# Confusion regarding rental deposits



## Arranexpat (Aug 17, 2008)

Just to make it clear. The normal deposit is a months rent. So when you move in you pay 1 months rent and 1 months deposit.

Some landlords have been asking for 1 months rent and 2 months deposit. If you are young and especially if you're male you're going to get this a lot but even us old fogies have had this one. Stick to your guns and offer to pay one month deposit.

Some landlords ask for it to stop people doing a bunk.


----------



## Veronica (Apr 5, 2008)

Arranexpat said:


> Just to make it clear.
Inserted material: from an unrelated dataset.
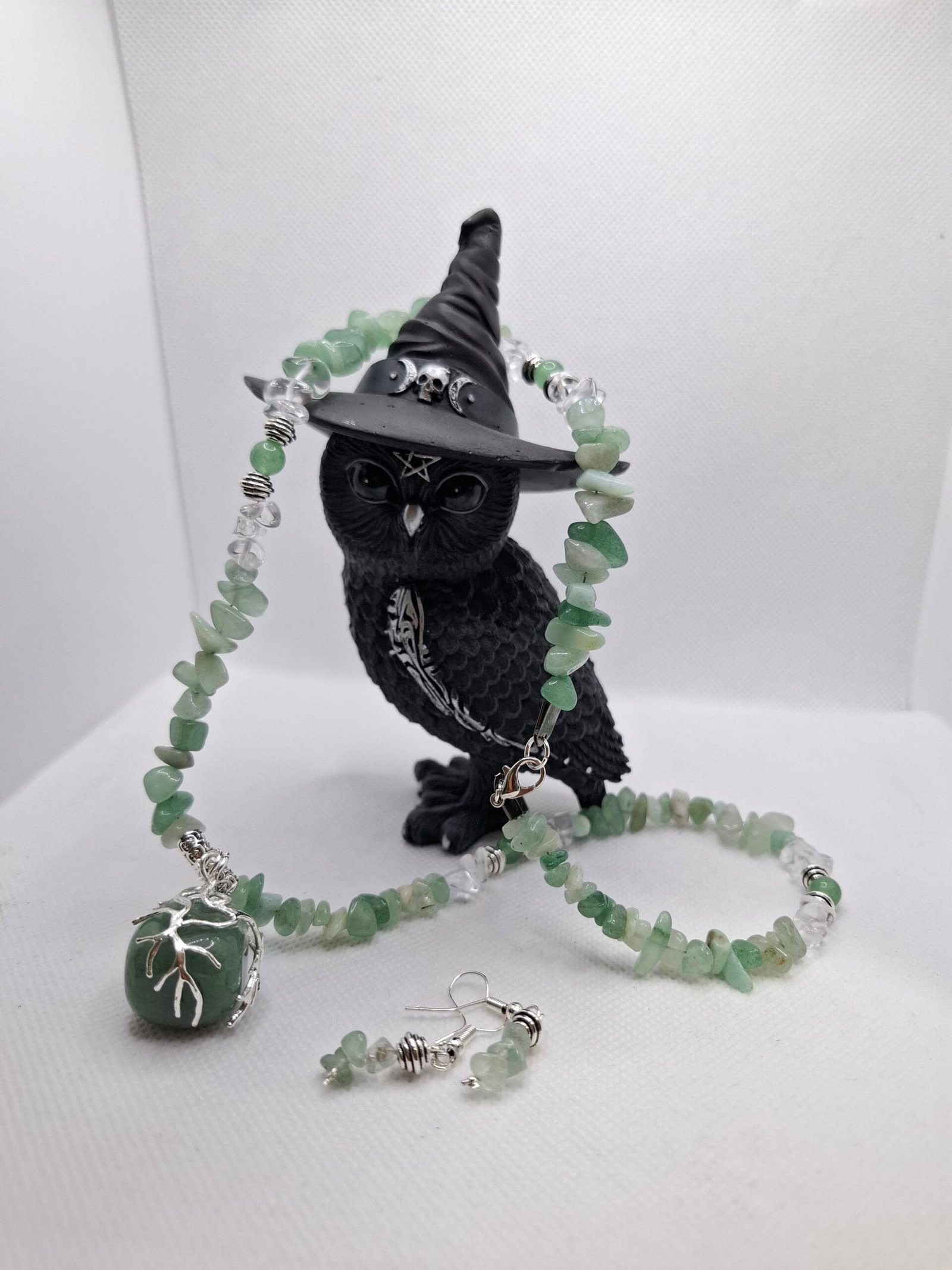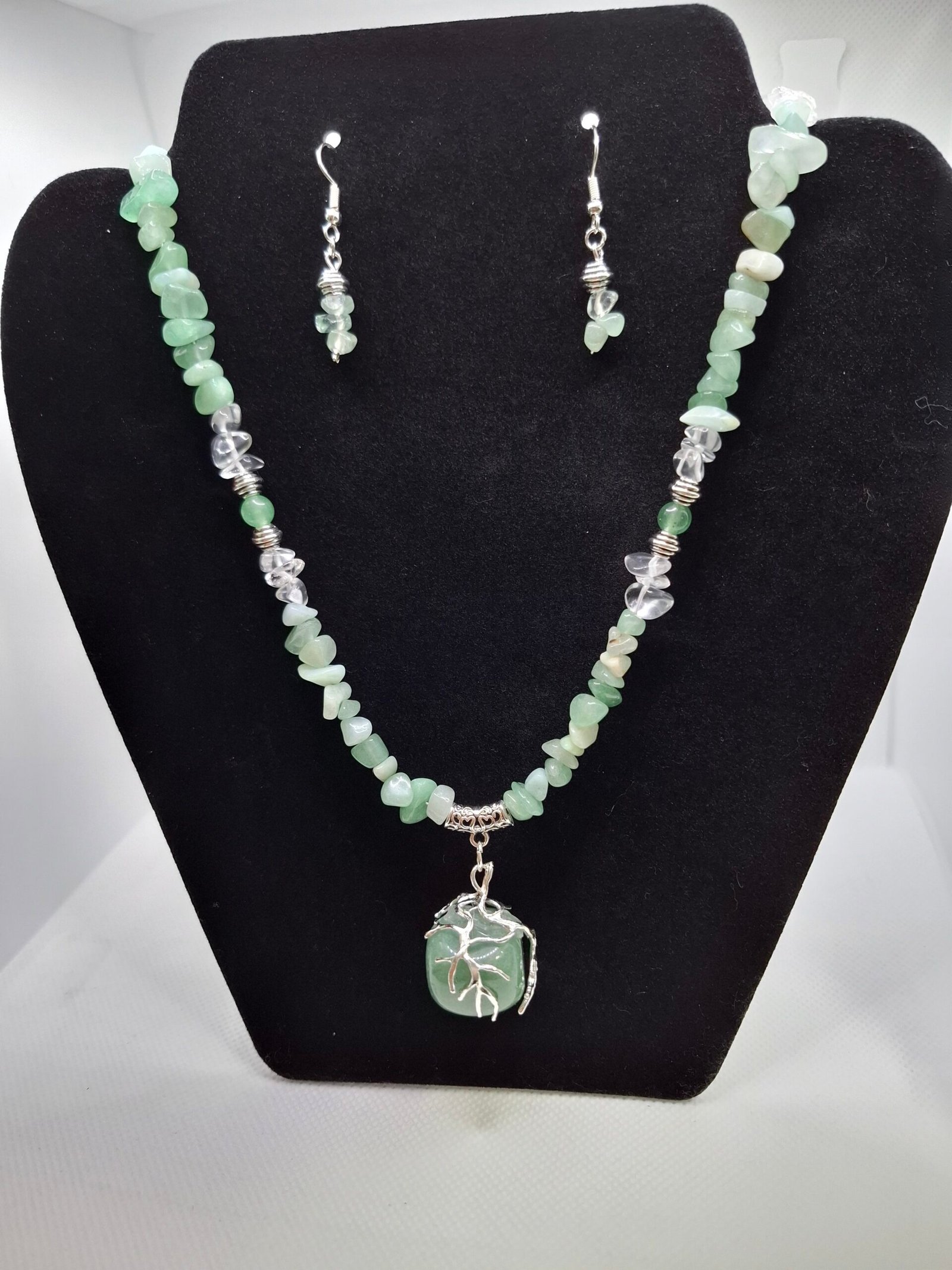 סט תכשיטים רך ומרגיע המשלב אבני אוונטרין בגוון ירוק בהיר ומרענן עם קוורץ שקוף לשקיפות פנימית והבהרה. הסט כולל שרשרת עם תליון ציפוי כסף מעוטר בעץ החיים, עגילים תואמים וצמיד אלסטי, שמשרים תחושת רוגע, חיבור פנימי ויופי טבעי.
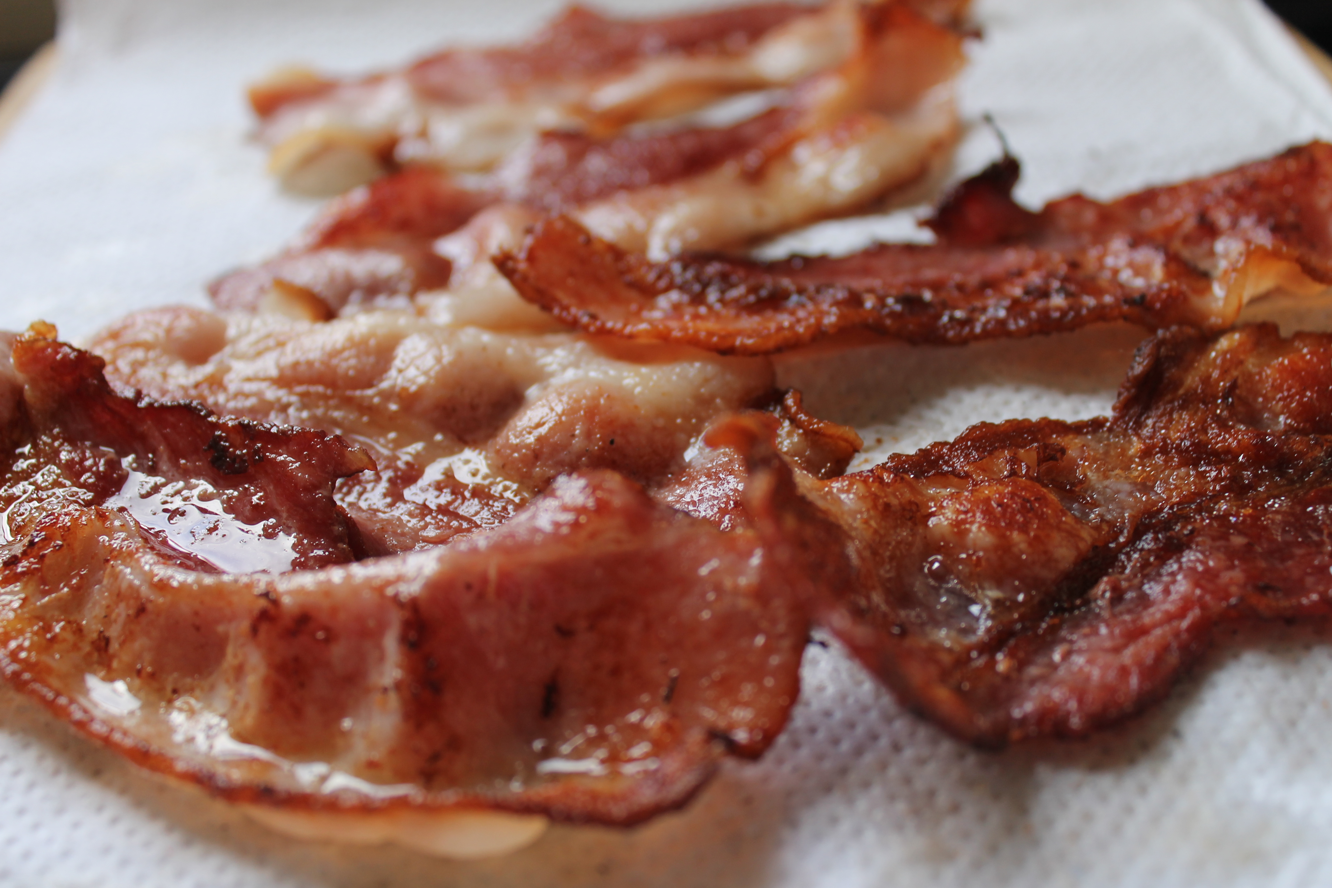 Þá raðaði ég þeim á eldhúsrúllublað, lagði annað blað ofan á og setti farg ofan á það og lét standa nokkra stund. Þetta er til að pressa sem mest af fitunni úr beikoninu.

The normal deposit is a months rent. So when you move in you pay 1 months rent and 1 months deposit.
> 
> Some landlords have been asking for 1 months rent and 2 months deposit. If you are young and especially if you're male you're going to get this a lot but even us old fogies have had this one. Stick to your guns and offer to pay one month deposit.
> 
> Some landlords ask for it to stop people doing a bunk.




My god Susan if you are an old fogie what the heck does that make me?


----------



## Veronica (Apr 5, 2008)

My zimmer frame is being deilvered tomorrow


----------



## Arranexpat (Aug 17, 2008)

Veronica said:


> My zimmer frame is being deilvered tomorrow


LOL!!! You're more chipper than me girlie


----------



## BabsM (May 24, 2008)

Arranexpat said:


> Just to make it clear. The normal deposit is a months rent. So when you move in you pay 1 months rent and 1 months deposit.
> 
> Some landlords have been asking for 1 months rent and 2 months deposit. If you are young and especially if you're male you're going to get this a lot but even us old fogies have had this one. Stick to your guns and offer to pay one month deposit.
> 
> Some landlords ask for it to stop people doing a bunk.
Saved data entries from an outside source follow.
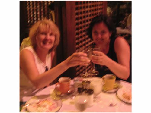 okay - here's one from last week - nice and blurry - a waiter took it My friend Ann (left) and me (right) in Aruba You see I am really extremely camera shy I like being on the other end I often don't even allow people to take my picture I'm feeling brave tonight |
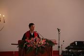第二部分感恩庆典由江阴市三自爱国会秘书长顾周荣牧师主持。应邀出席的领导和嘉宾有无锡市基督教协会会长李鹏飞牧师、江阴市民族宗教事务局陈雪源局长、江阴市民族宗教事务局李放副局长、江阴市高新区党群工作部徐岳明部长、江阴市高新区党群工作部张燕副部长、江阴市三自爱国会戴亚萍主席、兴化市基督教三自爱国会主席徐福奇牧师、江阴市天主教爱国会主任吴洪发神父、江阴市佛教协会副会长兼秘书长林华居士等。江阴市三自爱国会副主席兼城东基督教堂负责人黄忠伟致辞并介绍城东基督教堂建堂情况,江阴市基督教三自爱国会戴亚萍主席,无锡市基督教协会会长李鹏飞牧师,江阴市宗教局陈雪源局长等领导嘉宾做热情洋溢的讲话。
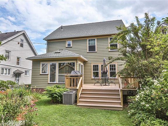 Gorgeous Craftsman-period home in desirable Highland Park neighborhood. This lovingly maintained home features beautiful gum wood throughout, pocket doors, French doors, leaded glass doors, a sun-room, and a large modern, cherry and granite kitchen. The finished third floor features large windows and a stunning acacia floor. Windows throughout are fitted with custom blinds and shades. The two-car garage is a rare find in this historic neighborhood, and the flower garden's year-round beauty can be enjoyed from the large, bright kitchen or the private deck. Greenlight fiber optic internet is available, and the home is within UofR's Home ownership Incentive Program, which provides up to $9K towards the mortgage for university and Strong employees!
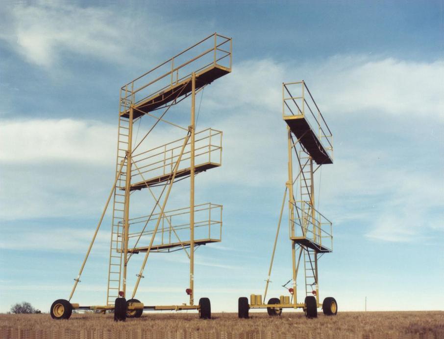 Available for rental lease or sale rustgo work platforms are portable scaffold units that can be towed at highway speeds by a standard quarter ton truck.
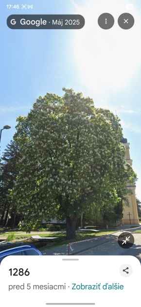 Rozkvitnutý pagaštan medzi kaštieľom a kostolom – spomienka na strom, ktorý už nestojí
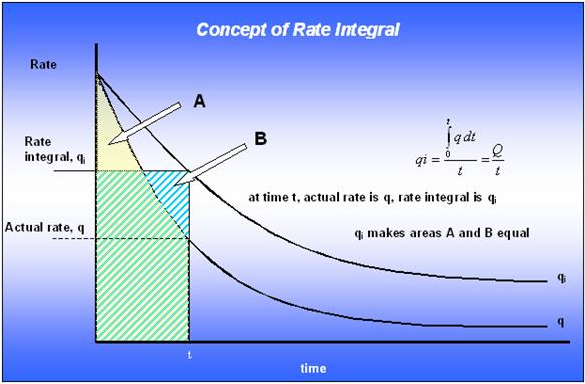 Conceptually, the rate integral function can be thought of as a cumulative average of the flow rate with time. The purpose of plotting a rate integral function is to smooth noisy rate data. This concept is most easily understood graphically:
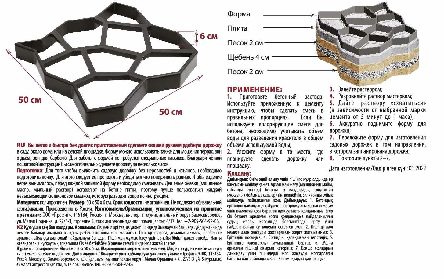 Форма для отливки садовых дорожек предназначена для самостоятельного изготовления бетонного покрытия из цементно-песчаной смеси. Поможет легко и быстро благоустроить сад, двор, уголок для отдыха. Проста в использовании, позволяет заливать дорожку постепенно, небольшими фрагментами. Размер — 50 × 50 × 6 мм.
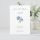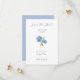 This beautiful oh so chic and minimal wedding 'Save The Date' card showcases a floral blue hydrangea design, elegant brush script text, event date and address, along with a contemporary set of fonts. The back includes a lovely dusty blue background. Youthful and trendy, this card sets a joyful tone. Use Edit tool to change the background colour if you prefer.
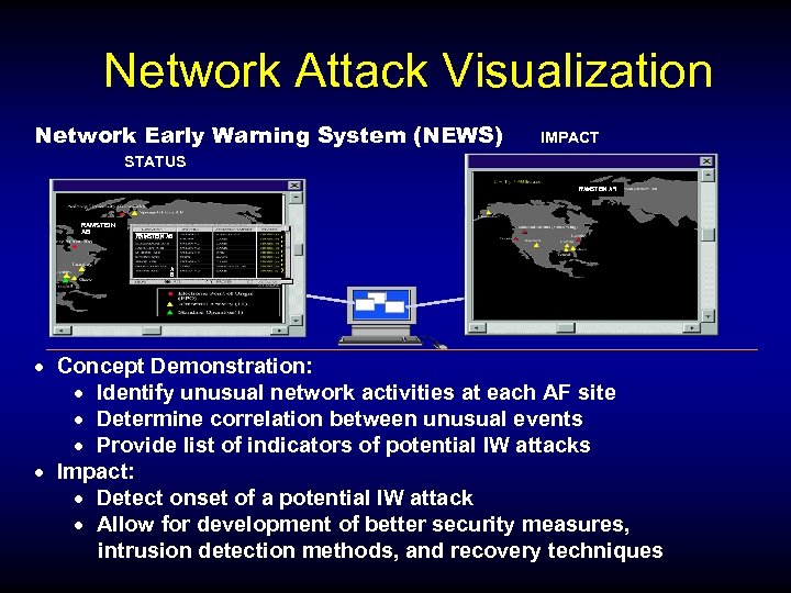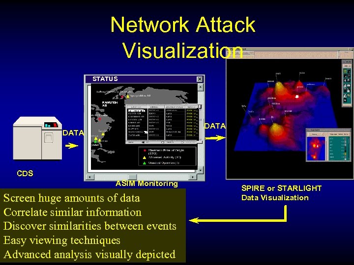 Network Attack Visualization STATUS RAMSTEIN AB LOCATION PROFILE ASSESSED TARGET STATUS RAMSTEIN AB AB RAMSTEIN ADMIN LAN PROBE (e) RSCAN ASIM v. 2 CAMS PROBE (e) ELMENDORF AFB CAMS PROBE (e) LANGLEY AFB ASIM v. 2 CAMS PROBE (e) M. HOME AFB ASIM v. 2 UNK PROBE (e) ROBINS AFB DATA ASIM v. 2 CANNON AFB COPS WCCS PROBE (e) SHAW AFB ASIM v. 2 CAMS PROBE (e) PERSONNEL DB PROBE (e) CAMS PROBE (i) SPANGDAHLEM AB COPS AB TRAVIS AFB SHOW ASIM v. 2 ALL PROBES DATA ATTACKS CDS ASIM Monitoring Screen huge amounts of data Correlate similar information Discover similarities between events Easy viewing techniques Advanced analysis visually depicted SPIRE or STARLIGHT Data Visualization

Actually, Landlords can ask for whatever deposit they want. There is no law about what you can and can't ask for. In this area the norm is 1 months up front plus 2 months deposit. 

Its not just a question of people doing a bunk. Its also a question of what damagea bad tenant can do. Our last tenant broke their year's contract and left us after 3 months without notice. They failed to pay the last month's rent up-front plus a lot of damage. The deposit I held only covered the missed rental, it didnlt cover the unpaid bills or the damage. Had I taken the extra month that many other landlords take in this area then at least the bills would have been covered. By the time we had paid the bills, repaired the damage and replaced the missing items we had made nothing out of having tenants in the apartment for 3 months.

Its all a question of supply and demand. If someone feels they don't want to pay what a prospective landlord is asking, negotiate! If they don't like the terms then go find somewhere else!


----------